Inside the ship, Keeler is killed trying to cut into Adara's core. Audrey is shot by Adara, and Darryl is stabbed by Jon's possessed corpse. Miranda and Royd, who remains in his pod, find a way inside. Miranda is attacked by Jon's corpse before it is re-killed by Royd. Artificial gravity is restored as Royd struggles to telekinetically electrocute Adara's core. Adara's body emerges from her crypt and electrocutes Royd until Miranda stabs her in the back. The Nightflyer explodes as Royd and Miranda escape in Royd's pod, continuing the mission to find the Valkrens.

==Cast==
- Catherine Mary Stewart as Miranda Dorlac
- Michael Praed as Royd Eris
- John Standing as Michael D'Brannin
- Lisa Blount as Audrey
- Glenn Withrow as Keelor
- James Avery as Darryl
- Annabel Brooks as Eliza
- Michael Des Barres as Jon Winderman

==Production==
===Development===
The film is based on a novella that appears in George R. R. Martin's 1985 short story collection. Originally written in 1980, the 23,000-word novella was published by Analog Science Fiction and Fact. In 1981, at the request of his editor at the time, James Frenkel, Martin expanded the story into a 30,000-word piece, which was published by Dell Publishing, together with Vernor Vinge's True Names, as part of their Binary Star series. In the extended version, Martin supplied additional backstory on several characters, and named secondary characters which were not named in the original version.

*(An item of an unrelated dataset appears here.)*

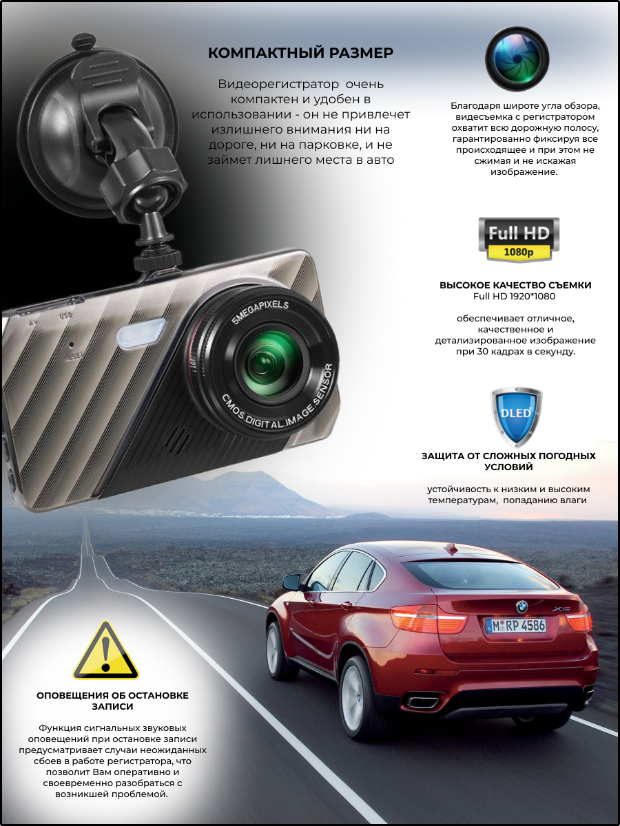 Видеорегистратор для автомобиля с камерой заднего вида информация:

Nightflyers is set in the same fictional "Thousand Worlds" universe as several of Martin's other works, including Dying of the Light, Sandkings, A Song for Lya, "The Way of Cross and Dragon", "With Morning Comes Mistfall", and the stories collected in Tuf Voyaging.

===Adaptation===
Screen and television rights were purchased by Vista in 1984, which produced a 1987 film adaptation with a screenplay co-written by Martin, with writer/producer Robert Jaffe. It was directed by Robert Collector, using the pseudonym "T. C. Blake" as he left before post-production was completed. According to Martin, writer/producer Robert Jaffe probably adapted his script from the shorter novella version, since all the secondary characters had different names than the ones he chose in the expanded version. The film grossed $1,149,470. Martin was unhappy about having to cut plot elements in order to accommodate the film's small budget. While not a hit at theatres, Martin believes that the film saved his career, and that everything he has written since exists in large part because of it.

==Home media==
The film was released on VHS, Betamax, and LaserDisc in 1988 by International Video Entertainment.